▶ **Work instruction**:
Transcribe every entry word for word, leaving out all images.

++++++++++++++++++++

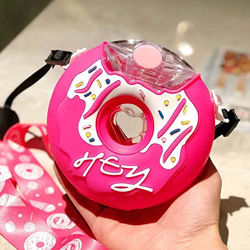 Borraccia sportiva, 380 ml, a forma di ciambella kawaii, con cannuccia, bollitore in plastica senza BPA, con tracolla regolabile, tazza da tè per bambini, sport all'aria aperta, viaggi
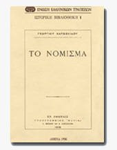 Αναστατική έκδοση του βιβλίου του Γ. Κατσελίδη, Το Νόμισμα, που κυκλοφόρησε το 1902. Ο συγγραφέας του υπήρξε ιδρυτής και εκδότης διακεκριμένης - στην εποχή της - οικονομικής και πολιτικής εφημερίδας, της Οικονομικής Ελλάδος, στην οποία συνεργάστηκαν σημαντικοί εκπρόσωποι της ελληνικής οικονομικής σκέψης.
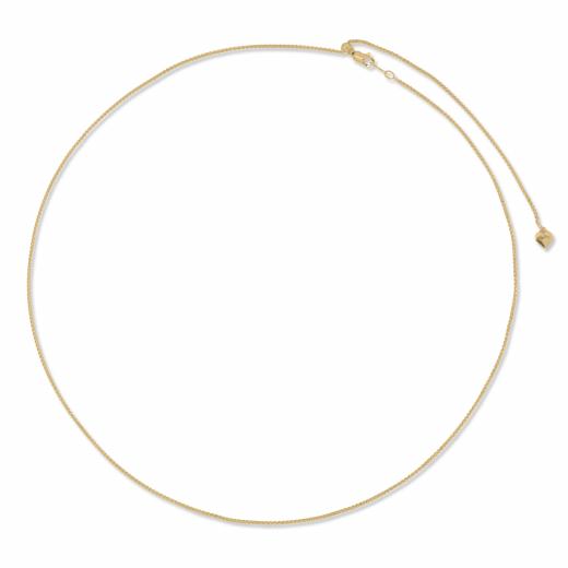 The 10K Yellow Gold Adjustable Wheat Chain, capable of adjusting up to 22 inches and measuring 0.80mm in width, is a delicate and versatile accessory. Crafted from 10-karat yellow gold in a wheat chain style, it offers a subtle yet elegant look that complements various styles and outfits due to its adjustable length.
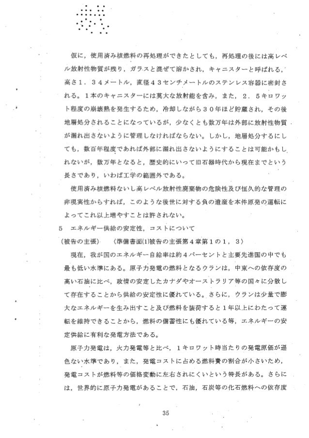 35. 35. 5 -・...~ ..・・・・... ・.• •・ ..・・ .•• • ・.. 仮に,使用済み核燃料の再処理ができたとしても, 再処理の後には高レベ ノレ放射性物質が残り, ガラスと混ぜて溶かされ, キャニスターと呼ばれる, 高さ 1. 34メートル,直径 43センチメートルのステンレス容器に密封さ れる。 1本のキャニスターには莫大な放射能を含み, また, 2. 5キロワッ ト程度の崩壊熱を発生するため,冷却しながら 30年ほど貯蔵され, その後 地層処分されることになっているが, 少なくとも数万年は外部に放射性物質. が漏れ出さないように管理しなければならない。 しかし, 地層処分するにし ても,数百年程度であれば外部に漏れ出さないようにすることは可能かもし れないが,数万年となると, 歴史的にいって旧石器時代から現在までという 長さであり, いわば工学の範囲外である。 使用済み核燃料ないし高レベル放射性廃棄物の危険性及び恒久的な管理の 非現実性からすれば, このような後世に対する負の遺産を本件原発の運転に よってこれ以上増やすことは許されない。 エネルギー供給の安定性, コストについて (被告の主張) (準備書面(1)被告の主張第 4章第 1の 1, 3) 現在, 我が国のエネルギー自給率は約 4パーセントと主要先進国の中でも 最も低い水準にある。原子力発電の燃料となるウランは, 中東への依存度の 高い石油に比べ,政情の安定したカナダやオーストラリア等の国々に分散し て存在することから供給の安定性に優れている。 さらに, ウランは少量で膨 大なエネルギーを生み出すこと及び燃料を装荷すると 1年以上にわたって運 転を維持できることから,燃料の備蓄性にも優れている等, エネルギーの安 定供給に有利な発電方法であ石。 原子力発電は,火力発電等と比べ, 1キロワット時当たりの発電原価が遜 色ない水準であり,また, 発電コストに占める燃料費の割合が小さいため, 発電コストが燃料等の価格変動に左右されにくいという特長がある。 さらに は,世界的に原子力発電があることで, 石油, 石炭等の化石燃料への依存度 35
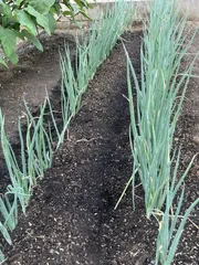 ■育てた野菜種から育てている長ネギです■工夫ポイント鉛筆くらいの太さになるまでパレットで育てました 畑に植え替え、先日一回目の土寄せをしました 素人なので良くわからないままに育てていますが大きくなってくるのが楽しみです
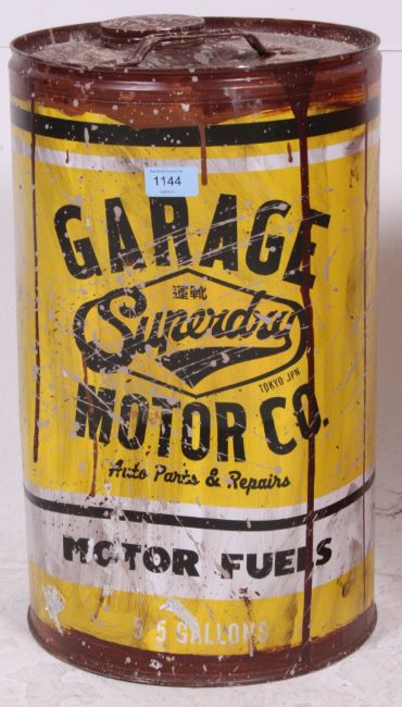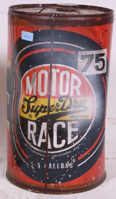 2 vintage style Superdry oil canisters / barrels of shabby chic painted / dented form, one red and one yellow. Measures: 47cm x 28cm.
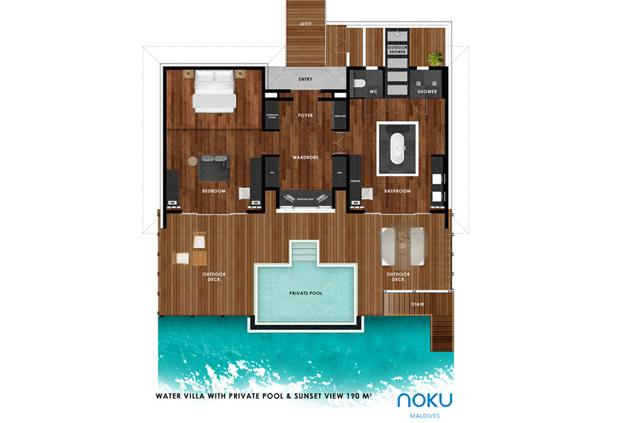 房型介绍:位于岛屿西南部,靠近珊瑚区,并且能欣赏到岛屿最美的夕阳。拥有宽敞的卧室和起居室,透过大窗户就能欣赏到印度洋美景。可以再私人游泳池中畅游,并享受室内外淋浴和独立式浴缸。
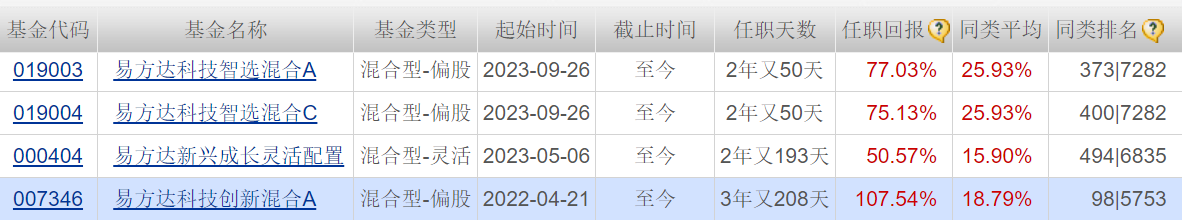 易方达基金经理蔡荣成长期从事科技赛道投资,积累了丰富实战经验。代表作$易方达科技创新混合A(OTCFUND|007346)$ ,2022.4月熊市途中任职,哪怕是经历了漫漫熊途,依然为投资者带来了105.92%的回报,同类平均收益只有18.79%,超额收益高达87%,市场排名前2%,是不是很优秀?
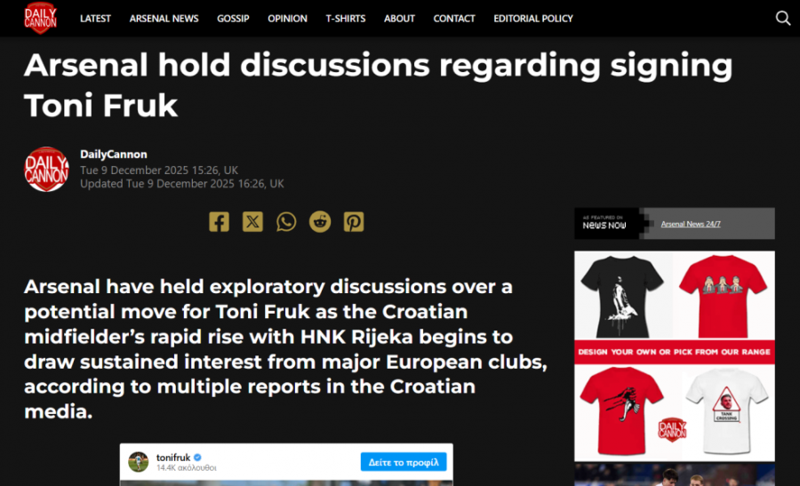 Το παρακάτω δημοσίευμα μάλιστα αναφέρει ότι ο Φρουκ έχει μεγάλη εξέλιξη, θεωρείται ο κορυφαίος παίκτης του κροατικού πρωταθλήματος και βάζει υποψηφιότητα για την αποστολή της Εθνικής Κροατίας στο Παγκόσμιο Κύπελλο του καλοκαιριού.
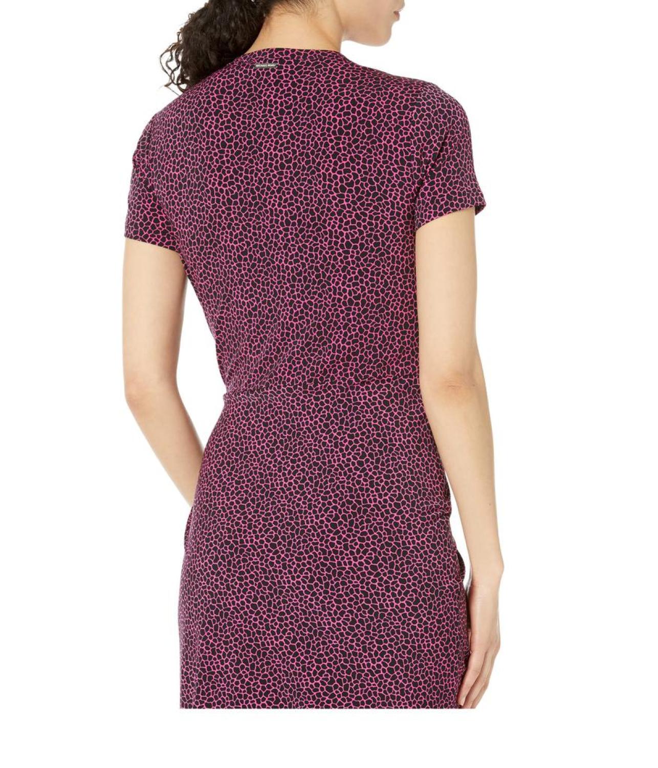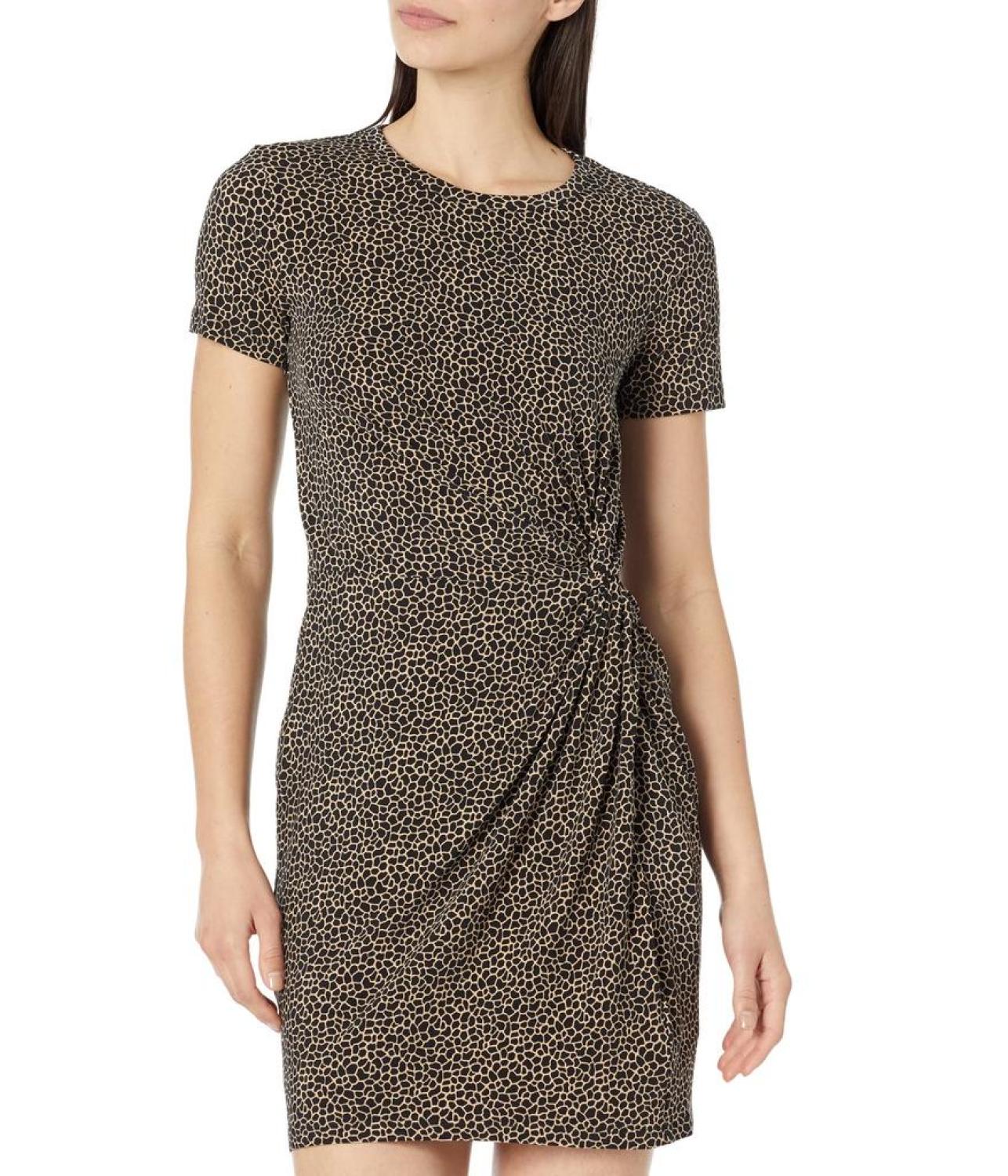 Look effortlessly chic and elegant in the MICHAEL Michael Kors® Giraffe Twist Short Sleeve Mini Dress. Crew neckline and short sleeves. Short-length silhouette. Allover printed design. Shirring on the sides. Intended to hit at the thighs. 95% polyester, 5% elastane. Machine wash, line dry. Imported. Product measurements were taken using size SM. Please note that measurements may vary by size. Measurements: Length: 36 in
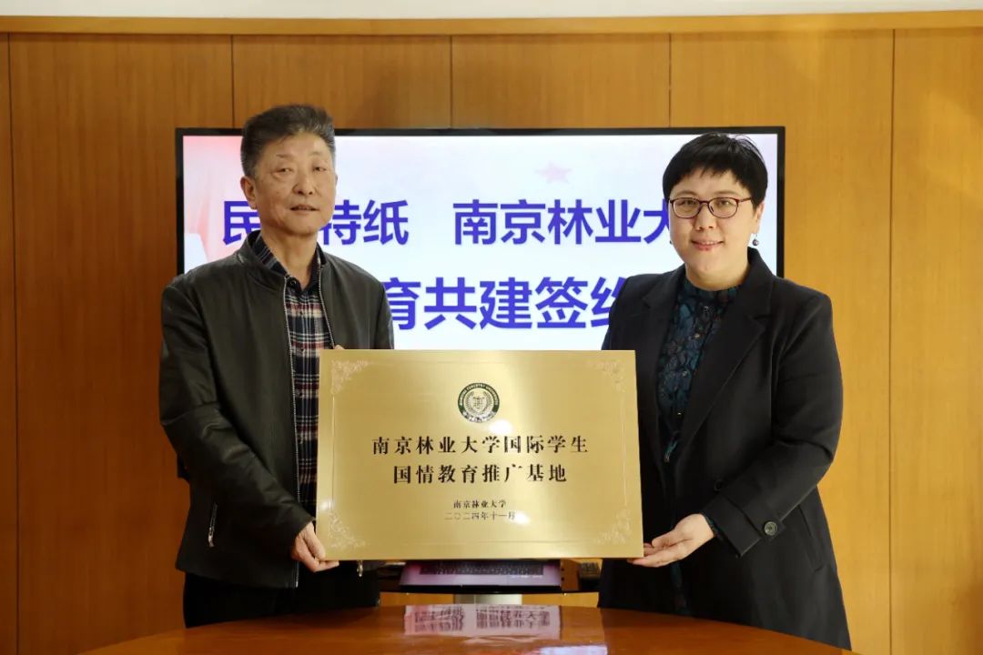 会上,曹继华和任浩代表共建双方签订《国际学生国情教育基地合作协议书》,任浩为民丰特纸授予“南京林业大学国际学生国情教育推广基地”牌匾。

++++++++++++++++++++

▶ **Reply to the task**:
 Borraccia sportiva, 380 ml, a forma di ciambella kawaii, con cannuccia, bollitore in plastica senza BPA, con tracolla regolabile, tazza da tè per bambini, sport all'aria aperta, viaggi
 Αναστατική έκδοση του βιβλίου του Γ. Κατσελίδη, Το Νόμισμα, που κυκλοφόρησε το 1902. Ο συγγραφέας του υπήρξε ιδρυτής και εκδότης διακεκριμένης - στην εποχή της - οικονομικής και πολιτικής εφημερίδας, της Οικονομικής Ελλάδος, στην οποία συνεργάστηκαν σημαντικοί εκπρόσωποι της ελληνικής οικονομικής σκέψης.
 The 10K Yellow Gold Adjustable Wheat Chain, capable of adjusting up to 22 inches and measuring 0.80mm in width, is a delicate and versatile accessory. Crafted from 10-karat yellow gold in a wheat chain style, it offers a subtle yet elegant look that complements various styles and outfits due to its adjustable length.
 35. 35. 5 -・...~ ..・・・・... ・.• •・ ..・・ .•• • ・.. 仮に,使用済み核燃料の再処理ができたとしても, 再処理の後には高レベ ノレ放射性物質が残り, ガラスと混ぜて溶かされ, キャニスターと呼ばれる, 高さ 1. 34メートル,直径 43センチメートルのステンレス容器に密封さ れる。 1本のキャニスターには莫大な放射能を含み, また, 2. 5キロワッ ト程度の崩壊熱を発生するため,冷却しながら 30年ほど貯蔵され, その後 地層処分されることになっているが, 少なくとも数万年は外部に放射性物質. が漏れ出さないように管理しなければならない。 しかし, 地層処分するにし ても,数百年程度であれば外部に漏れ出さないようにすることは可能かもし れないが,数万年となると, 歴史的にいって旧石器時代から現在までという 長さであり, いわば工学の範囲外である。 使用済み核燃料ないし高レベル放射性廃棄物の危険性及び恒久的な管理の 非現実性からすれば, このような後世に対する負の遺産を本件原発の運転に よってこれ以上増やすことは許されない。 エネルギー供給の安定性, コストについて (被告の主張) (準備書面(1)被告の主張第 4章第 1の 1, 3) 現在, 我が国のエネルギー自給率は約 4パーセントと主要先進国の中でも 最も低い水準にある。原子力発電の燃料となるウランは, 中東への依存度の 高い石油に比べ,政情の安定したカナダやオーストラリア等の国々に分散し て存在することから供給の安定性に優れている。 さらに, ウランは少量で膨 大なエネルギーを生み出すこと及び燃料を装荷すると 1年以上にわたって運 転を維持できることから,燃料の備蓄性にも優れている等, エネルギーの安 定供給に有利な発電方法であ石。 原子力発電は,火力発電等と比べ, 1キロワット時当たりの発電原価が遜 色ない水準であり,また, 発電コストに占める燃料費の割合が小さいため, 発電コストが燃料等の価格変動に左右されにくいという特長がある。 さらに は,世界的に原子力発電があることで, 石油, 石炭等の化石燃料への依存度 35
 ■育てた野菜種から育てている長ネギです■工夫ポイント鉛筆くらいの太さになるまでパレットで育てました 畑に植え替え、先日一回目の土寄せをしました 素人なので良くわからないままに育てていますが大きくなってくるのが楽しみです
 2 vintage style Superdry oil canisters / barrels of shabby chic painted / dented form, one red and one yellow. Measures: 47cm x 28cm.
 房型介绍:位于岛屿西南部,靠近珊瑚区,并且能欣赏到岛屿最美的夕阳。拥有宽敞的卧室和起居室,透过大窗户就能欣赏到印度洋美景。可以再私人游泳池中畅游,并享受室内外淋浴和独立式浴缸。
 易方达基金经理蔡荣成长期从事科技赛道投资,积累了丰富实战经验。代表作$易方达科技创新混合A(OTCFUND|007346)$ ,2022.4月熊市途中任职,哪怕是经历了漫漫熊途,依然为投资者带来了105.92%的回报,同类平均收益只有18.79%,超额收益高达87%,市场排名前2%,是不是很优秀?
 Το παρακάτω δημοσίευμα μάλιστα αναφέρει ότι ο Φρουκ έχει μεγάλη εξέλιξη, θεωρείται ο κορυφαίος παίκτης του κροατικού πρωταθλήματος και βάζει υποψηφιότητα για την αποστολή της Εθνικής Κροατίας στο Παγκόσμιο Κύπελλο του καλοκαιριού.
 Look effortlessly chic and elegant in the MICHAEL Michael Kors® Giraffe Twist Short Sleeve Mini Dress. Crew neckline and short sleeves. Short-length silhouette. Allover printed design. Shirring on the sides. Intended to hit at the thighs. 95% polyester, 5% elastane. Machine wash, line dry. Imported. Product measurements were taken using size SM. Please note that measurements may vary by size. Measurements: Length: 36 in
 会上,曹继华和任浩代表共建双方签订《国际学生国情教育基地合作协议书》,任浩为民丰特纸授予“南京林业大学国际学生国情教育推广基地”牌匾。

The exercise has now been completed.